A few days later she was hanging about outside the shop again when a policeman came down the street from the Clock Tower. He smiled at her, and went inside. He didn’t shut the door properly so Fay, with her big ears, slunk into the porch and listened as the policeman talked to Uncle Gwynne. He was Sergeant Thomas of the Dyfed-Powys Police (Fay was thrilled to hear this) and was looking for a boy who had gone missing in Hay (that was less thrilling), and was questioning all the shop owners who may have encountered him.

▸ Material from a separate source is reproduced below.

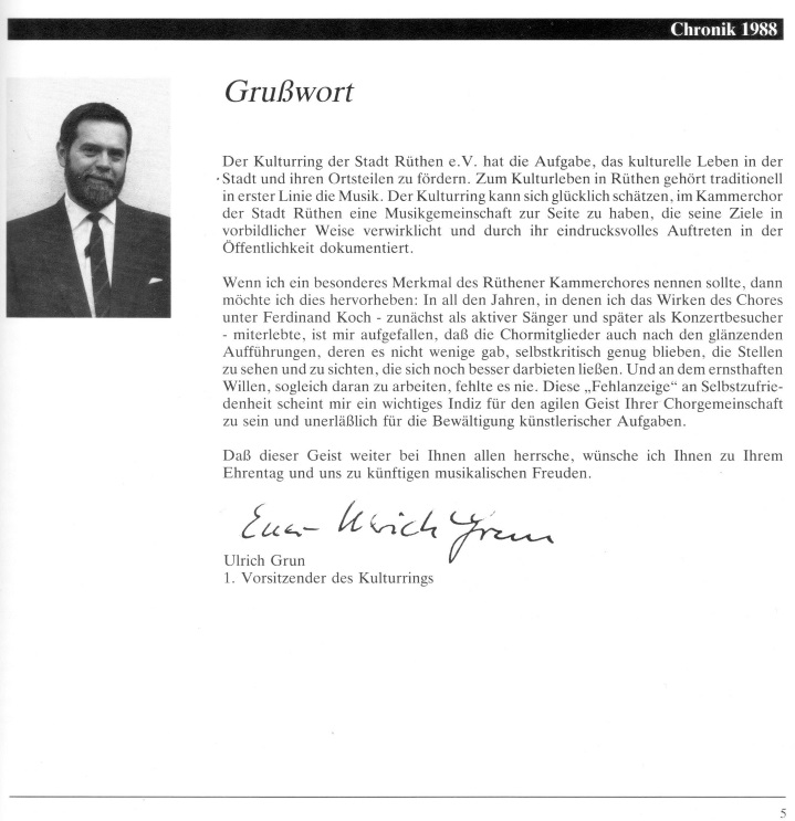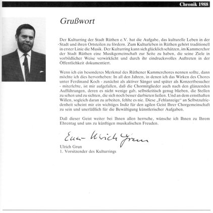 Wenn auch in den Zeitungsberichten zu diesem Jubiläumskonzert stand: "VHS-Chor hat auch den Schritt zur Moderne geschafft" - wir sangen damals u.a. zum erstenmal die "Schmunzelnden Weisheiten" von H. J. Rübben - so hatten wir doch schon mit den Proben für das Weihnachtsoratorium begonnen, das dann am 7.12.1973, also in diesem Jubiläumsjahr, in der Johanneskirche aufgeführt wurde. Die Solisten waren Anne-Marie Kunz, Alt, Anton Maxen, Tenor und Dr. Franz Müller-Heuser, Baß. Auf der Trompete brillierte wiederum, wie schon zuvor in allen Messias-Aufführungen dar excellente Heinrich, Freiherr von Senden aus Hannover, der in den folgenden Jahren noch mehrmals in Rüthen zu Gast war. Nur sehr schwer konnten wir uns von diesem Werk trennen und freuten uns sehr, es im Jahr darauf am 12.12.1974 in Horn-Millinghaus und am 13.12.1974 in Warstein wiederholen zu können. In Horn-Millinghaus mußten wir während der ganzen Aufführung auf den Pauker verzichten, der stattdessen nach Horn bei Detmold gefahren war. Und dabei ist gerade für das Weihnachtsoratorium die Pauke unerläßlich! Am 23.5.1975 gab sich der Chor dann einmal ganz anders. In Verbindung mit den 2 Schulchören des Städt. Gymnasiums Rüthen ging Carl Orffs "Carmina burana" in der Stadthalle Rüthen vor ausverkauftem Haus über die Bühne. Ruth Siebenborn, Sopran, Erich Wenk, Baß, und an 2 Klavieren Annie Weichert und Birgit Schwingenheuer waren mit von der Partie. Die Presse (Gerhard Bielefeldt) sprach von einer bravourösen Leistung der vereinigten Chöre. Und in diesem Jahr hatten wir zu unserer großen Freude wiederum zweimal Gelegenheit, das Weihnachtsoratorium aufzuführen, und zwar am 5.12.1975 in Niedermarsberg und am 14.12.1975 in Brilon. Besonders die Briloner Aufführung stellt einen besonderen Höhepunkt in unserer Konzerttätigkeit dar. Wenn die Presse von "rauschendem Schlußbeifall" spricht, so muß man dazu noch sagen, daß die große Kirche bis auf den letzten Platz besetzt war. Ca. 800 Personen sollen es hier gewesen sein. Wiederum in der Stadthalle Rüthen stellte sich unser Chor dann am 12.11.1976 mit Haydns Jahreszeiten vor. Zu den uns schon bekannten Solisten Jan Thompson - übrigens ein Schwarm unserer Damen - und Dieter Mohme wurde die Sopranistin Hildegard Berkenhoff verpflichtet. Nach dem Motto: "Auf Bewährtes kommt man immer wieder gerne zurück" lagen auch für diese Einstudierung Einladungen aus Brilon und Niedermarsberg vor. Zusätzlich gastierten wir erstmals in der Theateraula Belecke am 17.11.1976. Unser Auftritt im Westdeutschen Rundfunk am 2.4.1978 beim Großen Platzkonzert in Kallenhardt war sicher nicht weltbewegend, kann hier aber doch mit angeführt werden. Im Jahr 1978 waren wir dann mit der C-Dur-Messe von Beethoven, nach der Premiere in Rüthen am 1.12.1978 wiederum auf Reisen in Richtung Niedermarsberg und erstmals auch nach Niedersfeld. Inzwischen waren die Männer des MGV Cäcilia Geseke auf unseren Chor aufmerksam geworden. Zu gerne wollten sie doch einmal wissen, was der Koch denn doch in Rüthen wohl für einen Chor hatte. So kam es zu einem Gemeinschaftskonzert unter dem Motto "Lieder der Völker" am 3.2.1980 in Geseke. Lt. Programm zu diesem Ereignis nennen wir uns inzwischen "Gemischter Chor". Wir waren zu diesem Zeitpunkt auf 80-100 Stimmen angewachsen. Erfreulicherweise sangen sehr viele Jugendliche mit. Wiederum mit einem Haydn - diesmal der Schöpfung - einem Werk, an dem kein größerer gemischter Chor vorbeikommt, waren wir dann am 14.3.1980 zum 2. Mal in der Belecker Theateraula. In Rüthen gingen wir mit diesem Werk statt in die Schützenhalle wie bei den Jahreszeiten doch lieber in die Johanneskirche. In Niedermarsberg waren wir dann am 16.3.1980. 1n der schönen Probsteikirche hatten wir ja schon fast Hausrecht. Von den Solisten Irene Hamman, Leo Hönscheid und Jesse Coston kam besonders der farbige Baß beim Publikum gut an. Und am 21.1.1981 war es dann endlich so weit! Der Chor sollte "offiziell" werden. Nach 18 Jahren der Privatwirtschaft traf man sich im Hause Steinwachs um die Satzung für die in Aussicht genommene 1. Generalversammlung vorzubereiten. Mit dem kleingeschriebenen "man" ist der Vorstand gemeint, der von den Chormitgliedern ziemlich einstimmig am 12.3. desselben Jahres gewählt worden war. Und unter der Leitung des 1. Vorsitzenden, Herrn Dieter Müller, fand dann am 3.12.1981 bei Knickenberg-Dahl die 1. Generalversammlung statt. Eigentlich will ich an dieser Stelle meine Chronik beenden, denn jetzt tritt ja der Vorstand, der sich inzwischen übrigens bestens bewährt hat, voll in Aktion. Nur zum neuen Namen des Chores will ich noch etwas sagen, der wurde auf dieser ersten Generalversammlung nämlich immer noch nicht gefunden. Man einigte sich vorerst auf "Chor der Stadt Rüthen" und wie ich die Dinge sehe, wird es vorerst wohl dabei bleiben. Allerdings möchte ich zum Schluß dann noch von unserer Johannespassion sprechen, die am 20.3.1982 in Rüthen nach fast 2-jähriger Probenzeit mit sehr großem Erfolg aufgeführt werden könnte. Zum erstenmal hatten sich alle Chormitglieder aktiv an der Werbung und an den sonstigen Vorarbeiten beteiligt, was denn auch reiche Früchte trug. Die Kirche war übervoll, und noch ca. 100 Stühle mußten zusätzlich aufgestellt werden. Den Reigen von 4 Aufführungen dieses Werkes hatten wir am 12.3.1982 in Belecke eröffnet. Am 19.3.1982 waren wir dann auf Einladung von Pfarrer Petermann in Detmold, am 24.3.1982 in Niedermarsberg. Der Erfolg dieser Aufführungen entschädigte uns für alle Mühen. Wohl jeder spürte: Es hatte sich gelohnt. Die Solisten Arthur Janzen, Evangelist, Alfred Kornemannn, Marusa Xyni und Anita Freitag begleiteten uns zu allen Aufführungen, ebenso Wolf-Eckhard Richartz und sein Cembalo. Und wenn ich nun herausragende Konzerte benannt habe, so muß ich eigentlich auch unseren Einstieg in die Rüthener Karnevalsszene erwähnen. Dank der Aktivitäten von Textdichter und Chormitglied Franz Kaps h

“Eleven-years-old,” Thomas said, pulling out a photograph to show Uncle, “blond hair and glasses, and last seen wearing a blue hoodie and orange trainers.”

Fay thought that sounded like one of the boys that had chased her and Ivan from the Butter Market. She hoped that Ivan hadn’t done anything stupid. He had a hot head full of lava, her Mam always said.

“Local?” she heard Uncle ask.

Thomas cleared his throat. “No, on holiday from the South with his father. Been staying over in Builth Wells.”

Uncle shook his head. “Not seen him.” The two men talked for a minute or so more and then the Sergeant squeezed out of the door past Fay.

“The Murder of Roger Ackroyd,” Fay said quietly. “We hadn’t got it and he wasn’t too happy about it.”

“Excuse me?” Sergeant Thomas turned back to look at her.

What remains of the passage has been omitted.